The King’s Speech

Movie review by Greg Carlson

While watching “The King’s Speech,” one might occasionally wonder what present monarch Queen Elizabeth II would think of Colin Firth’s portrayal of her father Albert Frederick Arthur George, better known as King George VI to the world, and Bertie to his immediate family. Dashing movie actors have a tendency to abet filmdom’s fantasy reconstruction of history, and Firth’s handsome face provides only the first clue that movies tend to do more than simply cut out all the boring bits.

Stately and dignified if not always majestic, “The King’s Speech” inverts “Pygmalion,” stripping it of George Bernard Shaw’s keenest satire in favor of a more superficial “crowned heads are people too” theme that played just as well in Stephen Frears’s “The Queen.” Focused on the eradication of Bertie’s prominent stammer, the story traces the relationship of the royal to his Australian speech therapist Lionel Logue, played with relish by Geoffrey Rush. Commoner Logue’s unorthodoxy and insistence on informality initially vex the stiff noble, but positive results and a requisite amount of dramatic conflict cement the unlikely friendship.
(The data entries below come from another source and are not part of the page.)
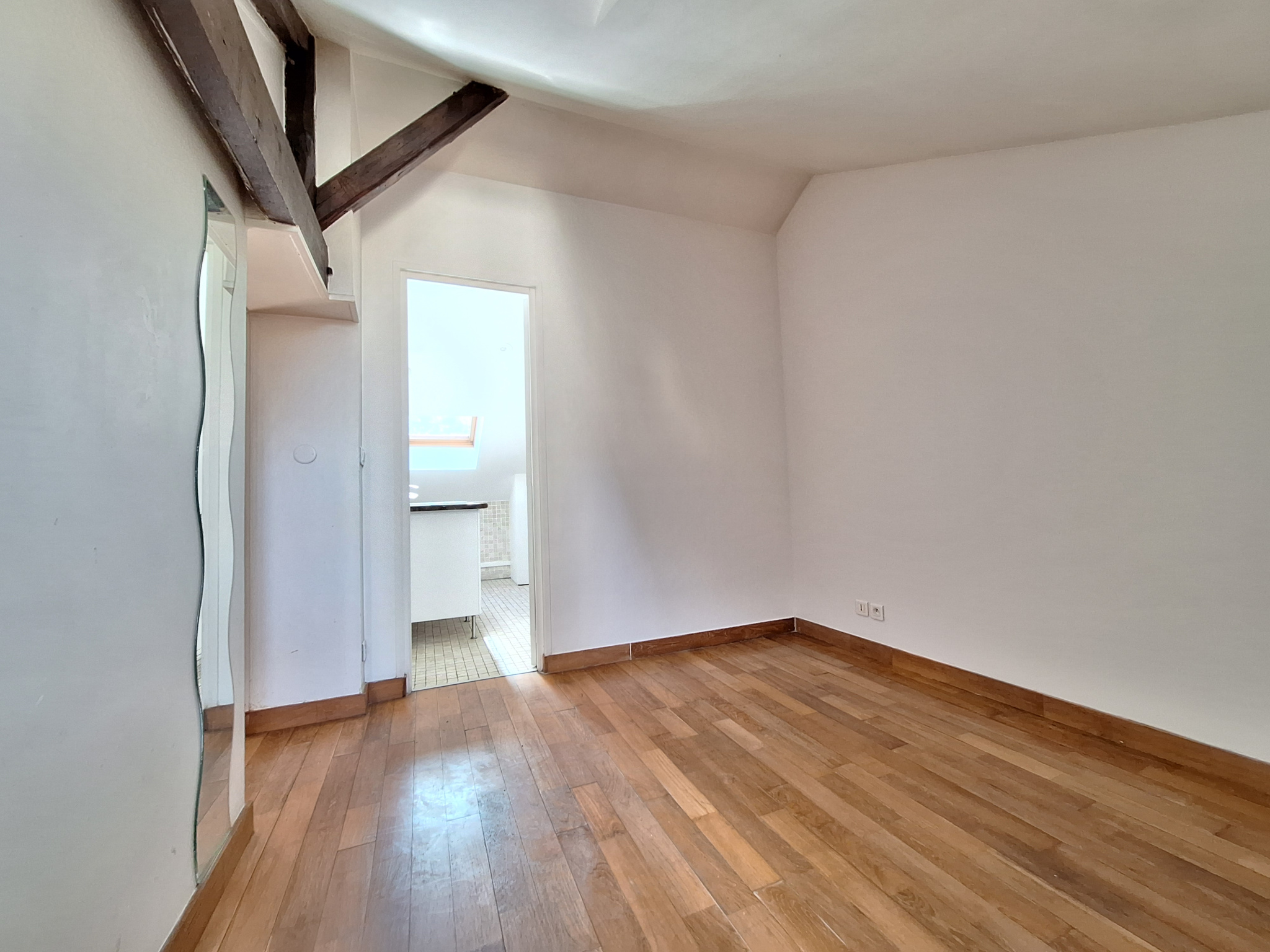 POISSY. Dans immeuble ancien en face de la collégiale, à 5' de la gare, du centre-Ville, des commerces et du Parc Meissonier, ce 2 Pièces mansardé de 30,06 m² (surface au sol de 47,90m²) situé au 4ème et dernier étage sans ascenseur se compose d'une pièce principale avec parquet ancien, d'un coin cuisine, d'une chambre avec parquet, d’une salle d'eau avec WC. Une cave complète ce bien. Le chauffage est individuel électrique par radiateurs et l’eau chaude est individuelle par ballon électrique. Les informations sur les risques auxquels ce bien est exposé sont disponibles sur le site Géorisques
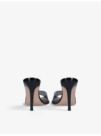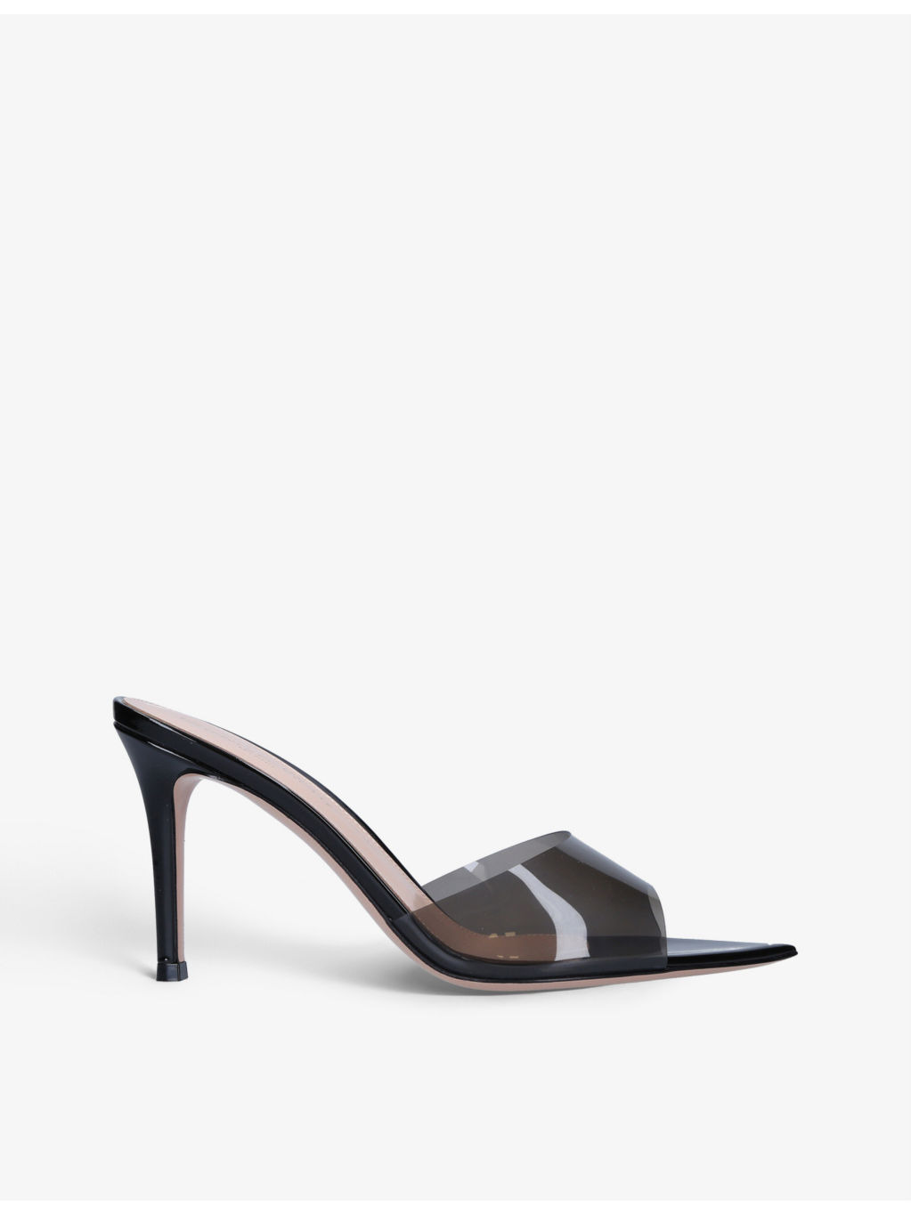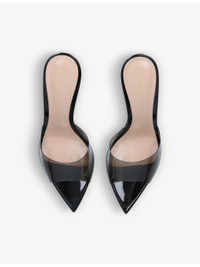 PRODUCT DETAILS - Gianvito Rossi Elle leather and PVC heeled mules - 100% leather, 100% PVC - Slips on - Open pointed toe, PVC front strap, backless silhouette, stiletto heel - Heel height: 85mm - Specialist leather clean - Made in Italy - Upper: 100% synthetic - Lining: 100% leather - Sole: 100% leather Ref: R04071935
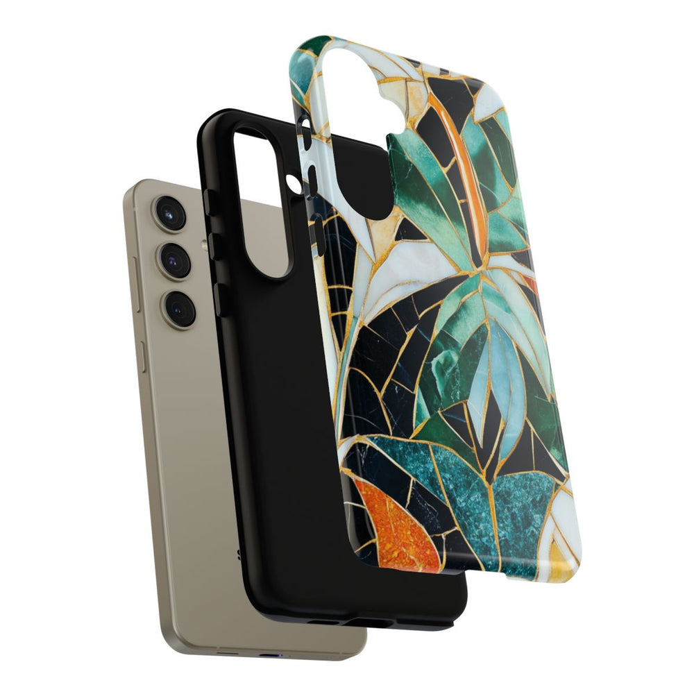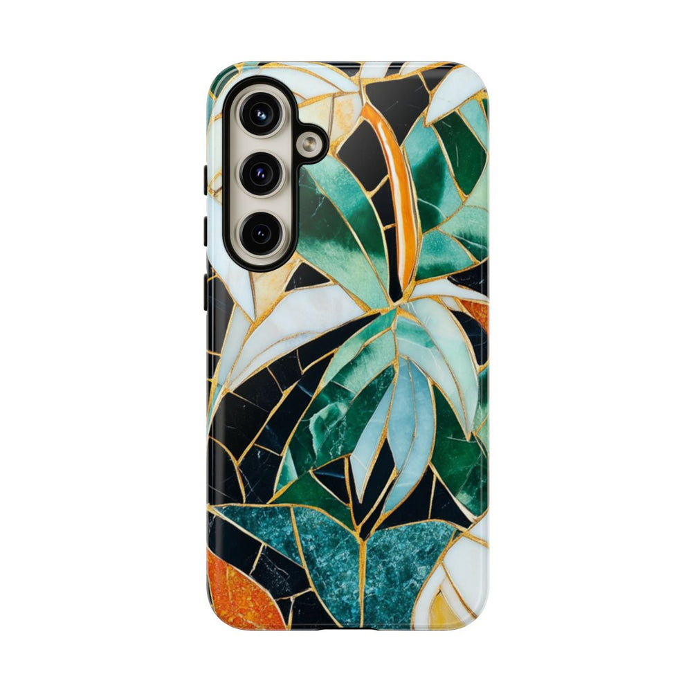 Dit telefoonhoesje heeft een levendig mozaïekpatroon van tropische bladeren in diverse tinten groen, geel, oranje, wit en blauw. De bladeren zijn omlijnd met goudkleurige lijnen, wat zorgt voor een glas-in-lood effect. De zwarte achtergrond laat de kleurrijke bladeren extra opvallen. Het hoesje is glanzend en stevig dankzij de polycarbonaat buitenkant en TPU binnenzijde, wat zorgt voor dubbele bescherming en ondersteuning voor draadloos opladen. Het ontwerp straalt een tropische, artistieke sfeer uit en heeft een marmerachtige textuur.
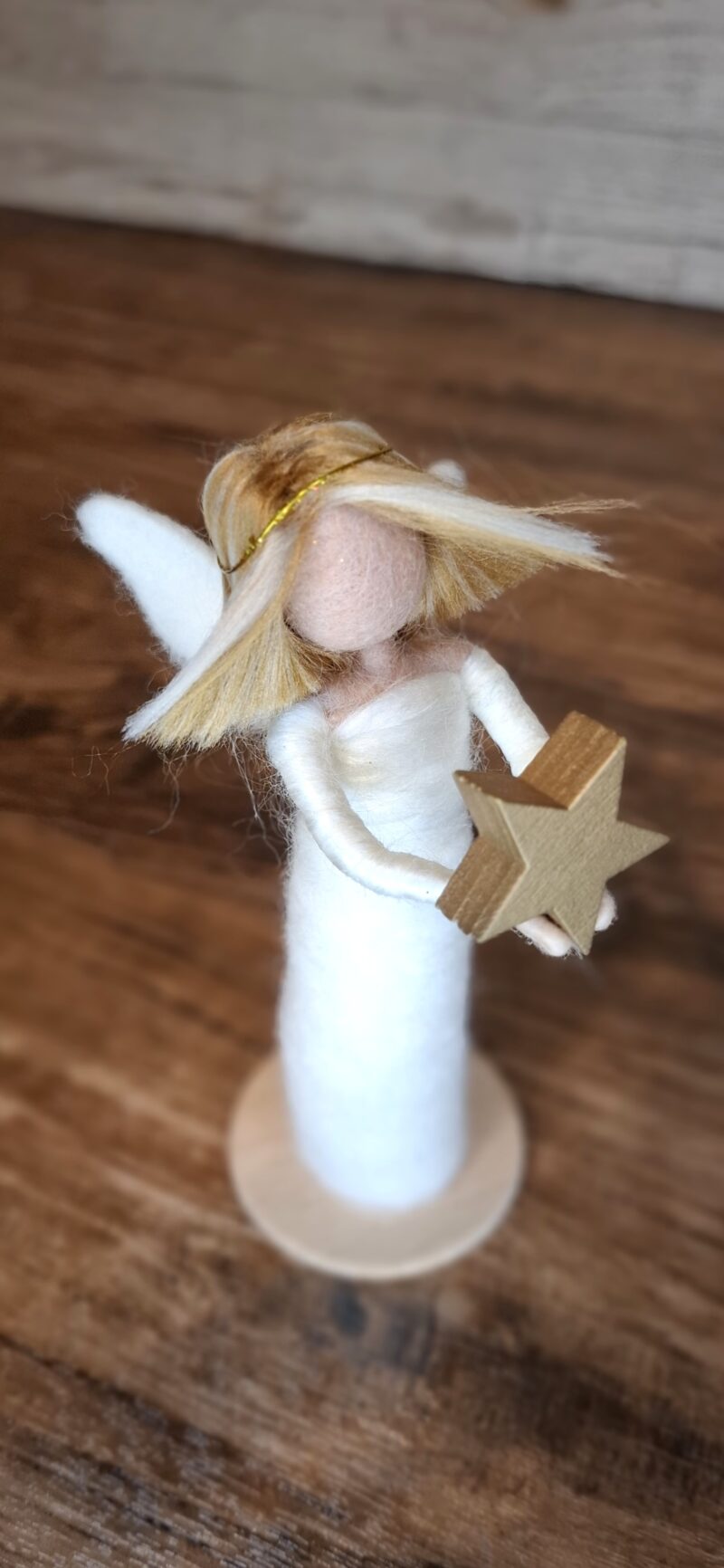 Ein nadelgefilzter Engel, stehend auf einer Holzscheibe. Dieser Engel hat von mir wuderschöne und zarte Flügel aus Filzwolle und Draht bekommen. Der Engel hält einen Stern aus Holz in den Händen.
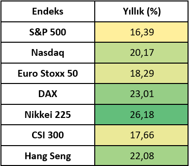 Endeksler genel olarak pozitif seyrederken, bölgesel ayrışmalar takip edildi. Özellikle tematik ayrışmalar da ön plandaydı. Avrupa endeksleri sanayi ve ihracat destekli bir toparlanma sağlarken, Çin ve Hong Kong yükselişleri politika beklentisiyle kırılgan toparlanmayı işaret etti. Yükselişin kalıcılığı, bölgesel büyüme ve politika desteğine bağlı olacak.
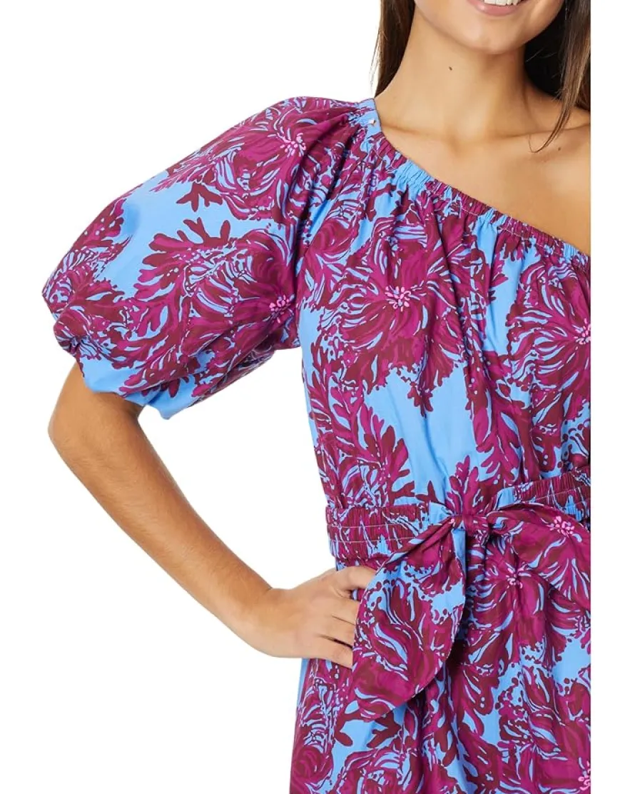 - Crafted from a soft-knit design, the Lilly Pulitzer® Zelalynn One Shoulder Cotton Dress has a flowy feel. The one-sided off-shoulder look complements the floor-length silhouette. The elastic detail on the shoulder line adds structure to the short puff sleeve on one side.
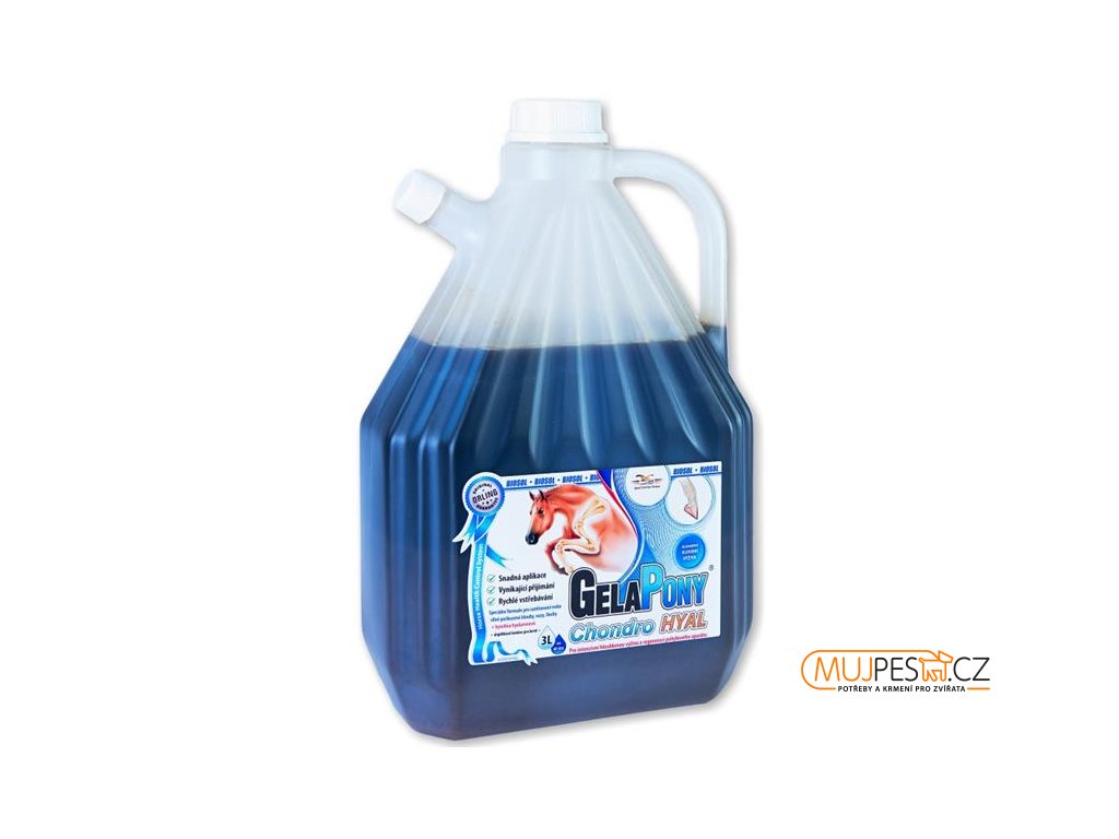 Gelapony® Chondro Hyal Biosol je doplňkové krmivo pro koně v zájmovém chovu, dostihové a sportovní - komplexní perorální chondronutraceutikum s bioaktivními kolagenními peptidy, glykosaminoglykany a kyselinou hyaluronovou k intenzivní výživě a regeneraci kloubního systému a pro zlepšení elasticko-mechanických vlastností kloubních a vazivových tkání při vysoké sportovní zátěži. Díky vysoce efektivní kombinaci účinných látek zvyšuje Gelapony® Chondro Hyal Biosol elasticitu kloubních chrupavek, vazů a šlach, obnovuje pohyblivost a omezuje bolestivost kloubů.

Bertie is both a hesitant patient/client/pupil and a reluctant ruler, and director Tom Hooper bounces back and forth between scenes of often humorous therapeutic techniques, including one that requires the liberal application of salty profanity, and the succession crisis initiated by brother Edward VIII (Guy Pearce), who abdicated when his proposed marriage to American Wallis Simpson met with stern political rebuke. A few sticklers have criticized the narrative streamlining that suggests a much tighter cause-and-effect chronology for George VI’s public speaking remedy, but there is no question that dramatically, “The King’s Speech” works best during the scenes exclusive to Firth and Rush.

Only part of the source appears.